5 out of 5 people found this review helpful.

Marcelo

I don't even know how to write this review. This book blew me away in so many different ways. Marcelo is smart - super smart - actually, he just doesn't come off that way since it takes him ten times as long as anyone else to process anything - verbal or nonverbal commu...
I don't even know how to write this review. This book blew me away in so many different ways. Marcelo is smart - super smart - actually, he just doesn't come off that way since it takes him ten times as long as anyone else to process anything - verbal or nonverbal communication. He is happy to spend his summer working with the ponies at his school for disabled children until his father, who has never believed there is anything wrong with Marcelo, insists he take a job in the mail room at his law firm in order to become part of the 'real world'. Marcelo is convinced that he will be better off caring for his ponies but agrees to the arrangement. But Marcelo doesn't count on the unlikely friendship that forms between himself and his co-worker Jasmine and the unsettling interest the son of his father's partner, Wendell, shows in him either. Least of all, Marcelo doesn't expect or understand his reaction to the startling picture he finds of a young girl and his desire to help her.
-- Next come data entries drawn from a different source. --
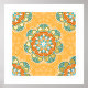 Floral Mandala Tile in Orange & Aquamarin Foliendrucke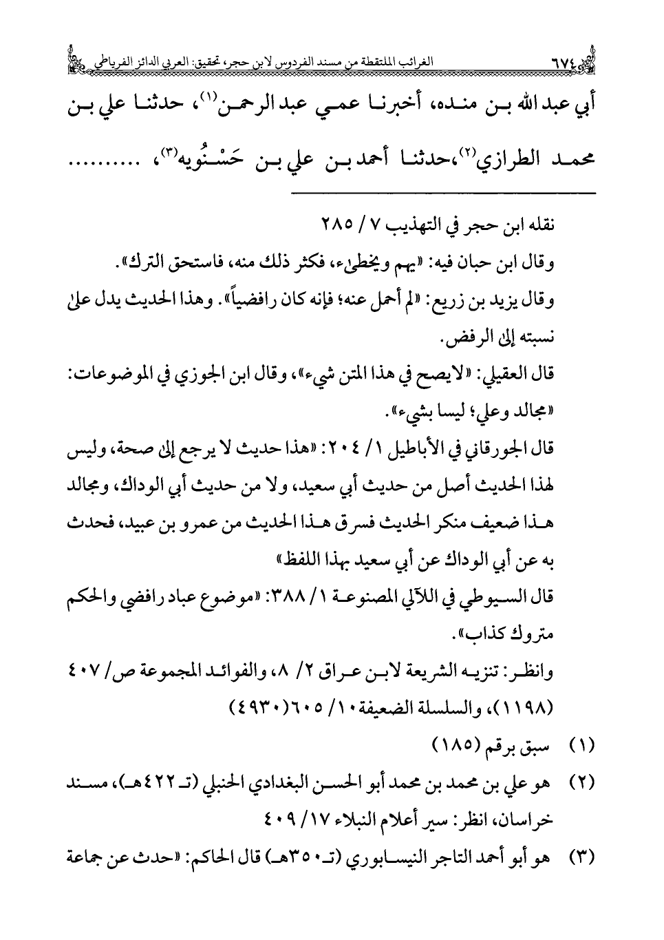 (¬٢) هو علي بن محمد بن محمد أبو الحسن البغدادي الحنبلي (ت ٤٢٢ هـ)، مسند خراسان، انظر: سير أعلام النبلاء ١٧/ ٤٠٩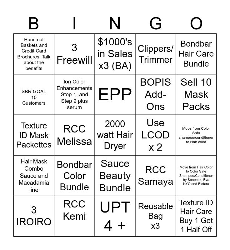 This bingo card has a free space and 24 words: Bondbar Color Bundle, RCC Kemi, EPP, 3 IROIRO, Bondbar Hair Care Bundle, Hand out Baskets and Credit Card Brochures. Talk about the benefits, SBR GOAL 10 Customers, 3 Freewill, Use LCOD x 2, Sauce Beauty Bundle, BOPIS Add-Ons, Texture ID Mask Packettes, RCC Samaya, Move from Hair Color to Color Safe Shampoo/Conditioner by Soapbox, Eva NYC and Biotera, Ion Color Enhancements Step 1, and Step 2 plus serum, Reusable Bag x3, Move from Color Safe shampoo/conditioner to Hair color, $1000's in Sales x3 (BA), Sell 10 Mask Packs, RCC Melissa, Texture ID Hair Care Buy 1 Get 1 Half Off, Hair Mask Combo Sauce and Macadamia line, Clippers/ Trimmer and UPT 4 +.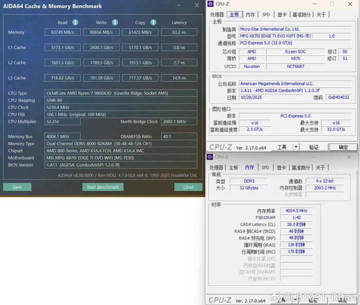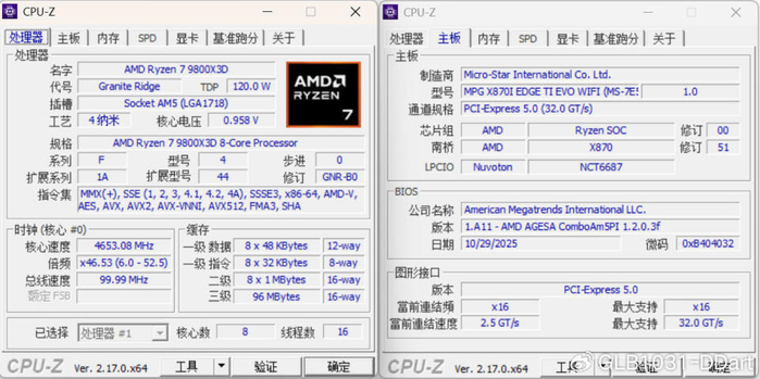 CPU-Z查看处理器以及微星 MPG X870i EDGE TI EVO WIFI主板信息,BIOS已经更新至最新版本。

I was so often reminded of "The Curious Incident of the Dog in the Night-Time" since both boys like their order and routines, but Marcelo is able to interact with others on a much higher level and brought out more genuine responses than Christopher ever could. The biggest revelation to me was Marcelo's growth, just as his mother predicts, which pervades everything that happens throughout the book. As deep and serious as many of the topics in this book were, I still found it to be hilarious. Marcelo's tendency to literally define every expression to come his way competely endearing and just dang funny. Particularly when he became stumped by some slang term thrown around at the office. And since this book was obviously written by a male author who knows how to write about other men without creating caricatures, one particular scene with some old farmers had me cracking up to no end.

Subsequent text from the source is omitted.